━━━ Data
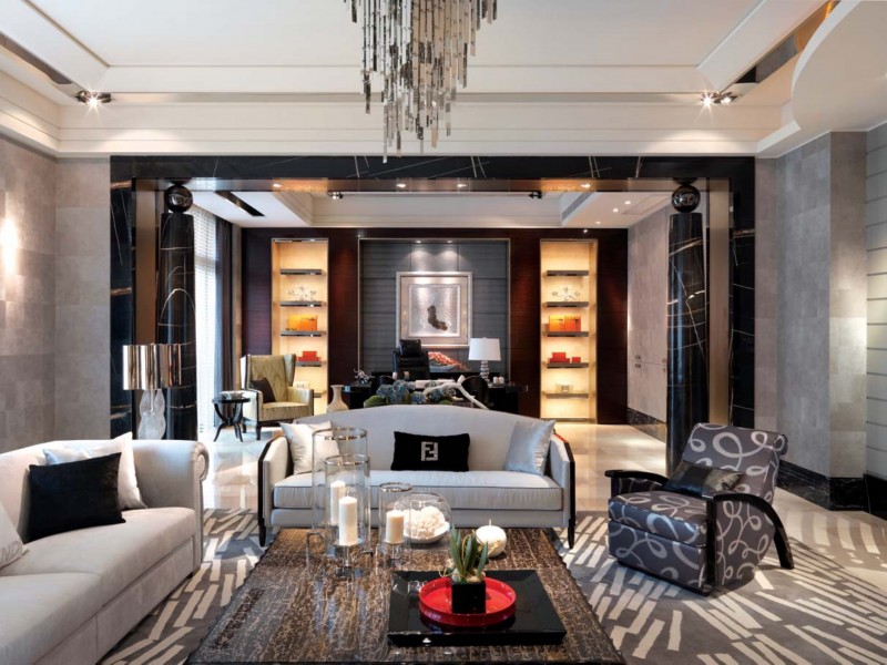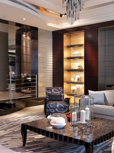 不曾远去的新古典风格,在软装上延续了灰色传奇的使用,随意流畅的灰白线条地毯,简洁黑色洞石茶几,嶙峋的边条增加了茶几的触感,对称与不对称的美在灰黑的夜色中对决。
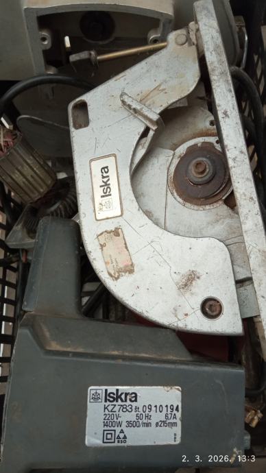 Sve na slici su dva Iskra ručna cirkulara, veliki i srednji, u dijelovima, nedostaju rotori
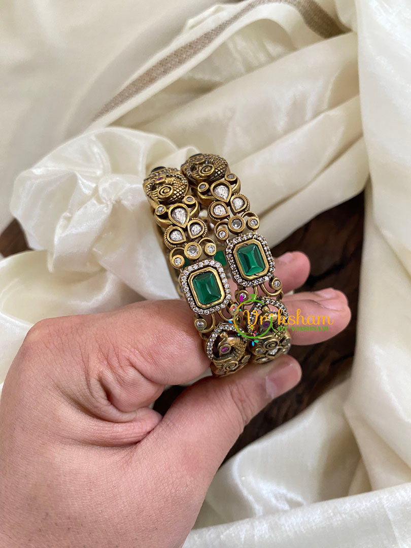 Green Victorian Diamond Bridal Bangles - semi precious stone studded ; royal statement jewelry.
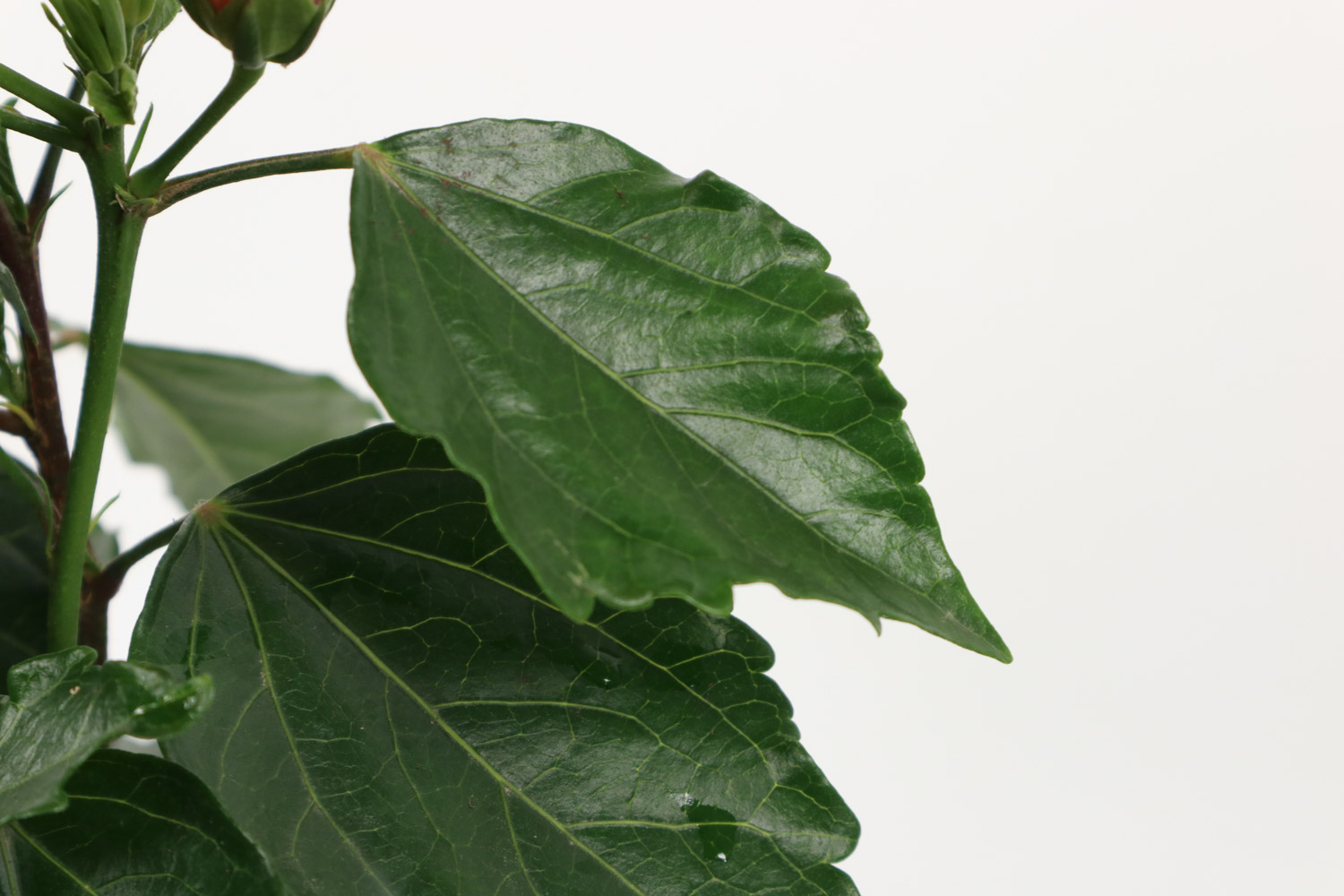 马坦扶桑,花朵为洋红色,花心为深红色,脉纹颜色也是深红色,其叶片为绿色,茎干颜色为红色。
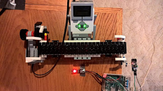 Please see below my setup with Lego Mindstorms EV3 robot (conveyor belt) to simulate a production line, I used obstacle detection sensor to count how many products are being produced on the production line
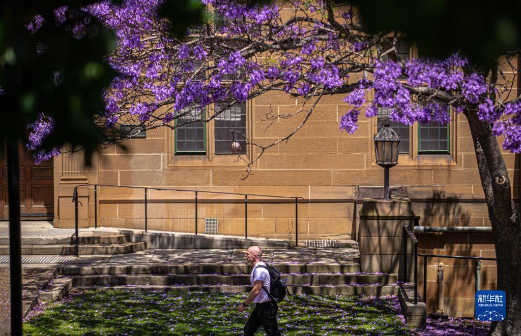 10月29日,一名男子走过澳大利亚悉尼大学里盛开的蓝花楹。
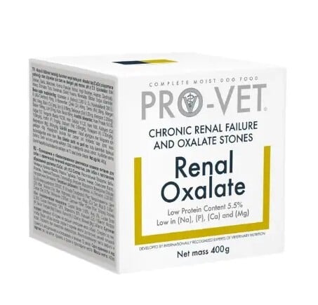 【リニューアル‼】犬・PRO-VETリーナルオキサレート・慢性腎臓病またはシュウ酸カルシウム結石/超プレミアム療法食 スチームボウル 400g
━━━━━━
* **What to work on**
Your copy should hold exactly the lines from the one that contains "Sve na slici" through the final line of the data, both ends included, and no pictures.

* **Written answer**
 Sve na slici su dva Iskra ručna cirkulara, veliki i srednji, u dijelovima, nedostaju rotori
 Green Victorian Diamond Bridal Bangles - semi precious stone studded ; royal statement jewelry.
 马坦扶桑,花朵为洋红色,花心为深红色,脉纹颜色也是深红色,其叶片为绿色,茎干颜色为红色。
 Please see below my setup with Lego Mindstorms EV3 robot (conveyor belt) to simulate a production line, I used obstacle detection sensor to count how many products are being produced on the production line
 10月29日,一名男子走过澳大利亚悉尼大学里盛开的蓝花楹。
 【リニューアル‼】犬・PRO-VETリーナルオキサレート・慢性腎臓病またはシュウ酸カルシウム結石/超プレミアム療法食 スチームボウル 400g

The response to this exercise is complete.